【昭和的家族】頼み事のコツとクリスマスツリー
あれはいつ頃の事だろう。父がまだ現役で一番忙しく働いていた頃かと思う。私は父に頼み事をするのにはコツがあると気が付いた。例えば、自転車のパンクを修理して欲しい時、もしも父にストレートに頼むと断られる。
「お父さん、自転車の空気が抜けやすくて、どうやらパンクしているみたいなんだけど、見てもらえますか?」と言うと、
「なんだよ。俺だって忙しいんだ。お母さんに頼んでくれよ」と言う感じ。
だけどもし直接父に話さず、父が近くにいる時に母や別の家族に悩みを相談すると父の行動は全く違う。
「最近、何度も空気を入れていても、私の自転車の前輪の空気が抜けちゃうんだ。これってパンクしているって事なのかな。もしもそうなら、自転車やさんに持って行く必要があるんだよね…」とか母に話をしていると横にいる父の姿が消える。
暫くすると父は庭で私の自転車をひっくり返し、前輪から空気が漏れるかどうかを大きなタライのようなものを使って確認していて、更に暫くすると私の自転車と父の姿が庭から消える。やがて小一時間もすると、
「ほら直ったぞ」とどうやら自転車屋さんに持って行ってかつ修理代さえ支払らってくれた様子で戻って来る。
そんなコツを知ってしまってからだいぶ長い間、私は父に頼み事をする時は、ストレートに頼まず、間接的に悩んでいる姿を見てもらうようにしていた。
それから相当長い時間が経ち、父は最後の仕事を辞めて年中家にいるようになった。
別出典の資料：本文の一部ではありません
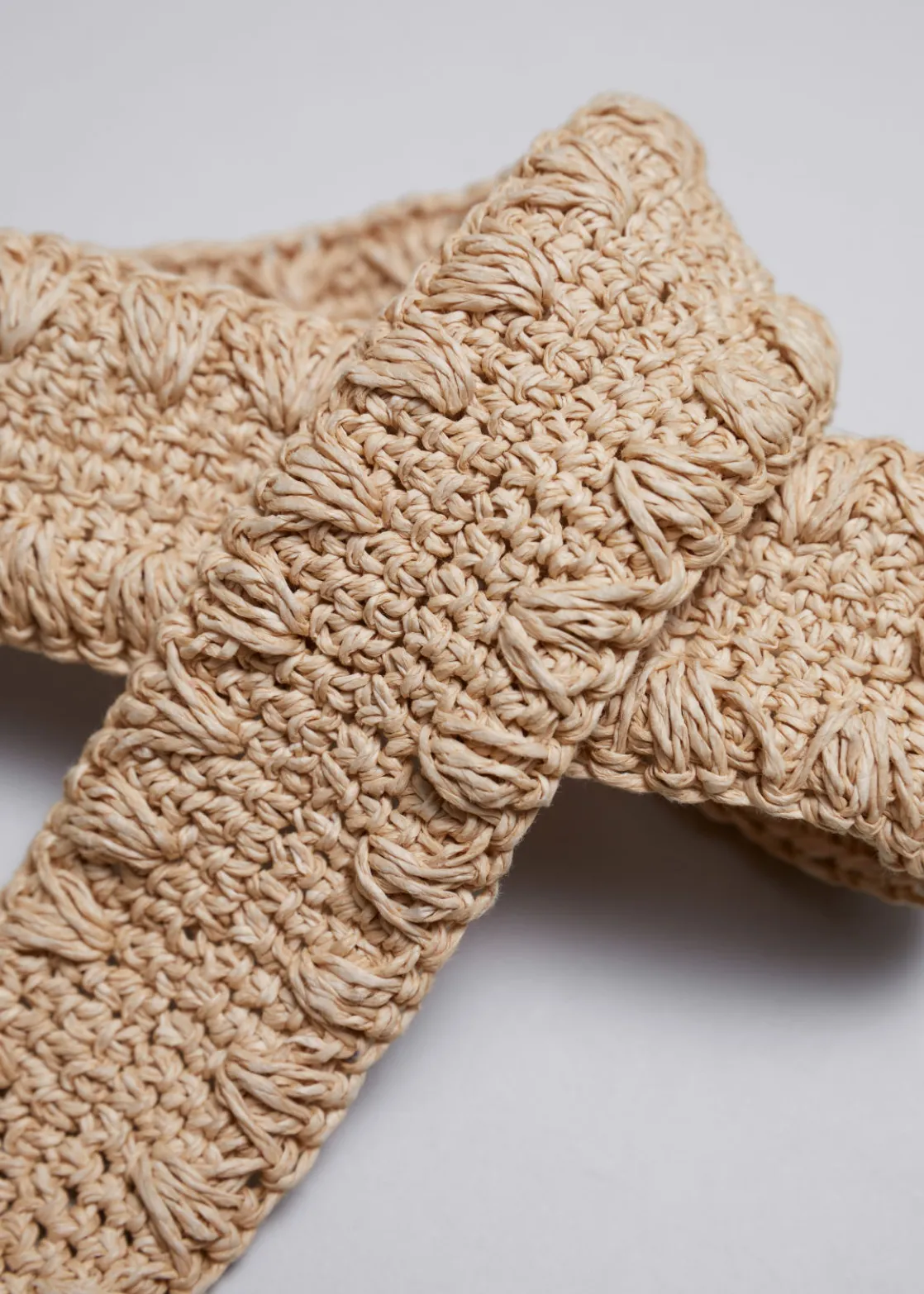 This belt is made from intricately woven elastic straw, meticulously braided together to create a crochet texture. Detailed with a gold-tone buckle.

父は趣味が多かったからか、余った時間を持て余すという事は無かったようだったけれども、私から見て大きく変わったのは、何かを頼むととても嬉しそうに何でも引き受けてくれるようになった事だった。
私はそんな父の変化を有難く思い、これ幸いと色々な事を頼んだ。
開けづらい雨戸の開け閉め(お願いすると、父はふざけて「分かりましたー!」と軽く敬礼をしてそそくさと作業に行った)、要らない用紙をシュレッダーにかける事(父は私から度々依頼されるこの作業に対応する為に業務用とも思える位の大きなシュレッダーを購入していた)、荷物の宅配の発送手配(父は数社の宅配会社の配達員の方々と仲良くなり数種類の伝票を束で保管し、必要に応じて使用する宅配会社専用の雨除けのビニールカバーさえもいつも切らさないようにストックしていた)等々。
そんななんで、もう昔習得していた父に頼み事をするコツの事を私はすっかり忘れていたのだけれど、ある時”そう言えば!”と昔のコツを思い出した事があった。それは父が大ケガで入院して実家からいなくなってしまった時の事だ。
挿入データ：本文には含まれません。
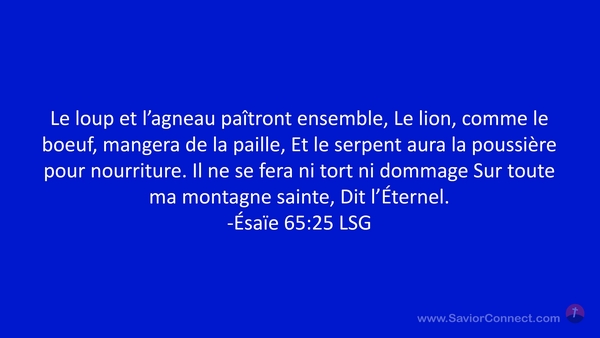Le loup et l'agneau paîtront ensemble, Le lion, comme le boeuf, mangera de la paille, Et le serpent aura la poussière pour nourriture. Il ne se fera ni tort ni dommage Sur toute ma montagne sainte, Dit l'Éternel. -Ésaïe 65:25 LSG

私は庭の端に何故だかクリスマスツリー的な木が植えられているのに気が付いた。何本かの鉄製の支え棒でその木は支えられて父に育てられている様子だった。私は母に聞いた。
「庭にあるクリスマスツリーみたいな木ってお父さんが育てていたのかな」
「あぁ、そうなのよ。確かこの近所のどこかのお家で、クリスマスツリーを買ったら直ぐに枯れたとか曲がったとかで、クリスマスの飾りが上手く出来なかったという話をお父さん聞いたみたいなの」
「どこの家?もしも頼まれていたんだったとしたら私、渡してくるよ」
「それがどこの家の事なのか私も聞いてないのよ。それも直接頼まれたわけでは無くて、人づてにある近所のお家のクリスマスツリーが上手く飾れなくてお子さん達ががっかりしたと聞いただけで。お父さん、ツリーがしっかり育ったらプレゼントしに行くつもりだったらしいの」との事で、どこのお家の事なのか母の話から分かるヒントは何も無く、私達はそのクリスマスツリーを父が渡したかったご家族に渡す事はできなかった。
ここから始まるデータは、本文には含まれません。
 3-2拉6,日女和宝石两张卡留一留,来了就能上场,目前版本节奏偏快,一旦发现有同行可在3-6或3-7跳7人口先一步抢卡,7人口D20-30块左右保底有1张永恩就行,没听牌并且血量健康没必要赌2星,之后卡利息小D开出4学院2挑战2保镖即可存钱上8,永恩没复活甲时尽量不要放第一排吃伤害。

そのタイミングで私は、急に遠い昔の父への頼み事のコツを思い出した。”そっかお父さん人づてに聞いたからこそ、自分が何かやってあげたいという気持ちでこのクリスマスツリーを育てていたのかな”と私は思った。
何年かして、結局そのクリスマスツリー的な木は、ある夏のものすごく暑い時期に水遣りが足らなかったかですっかり枯れてしまい、誰かの家でクリスマスの飾り付けをしてもらえる事無く、ひっそりと実家の庭から片付けられてしまった。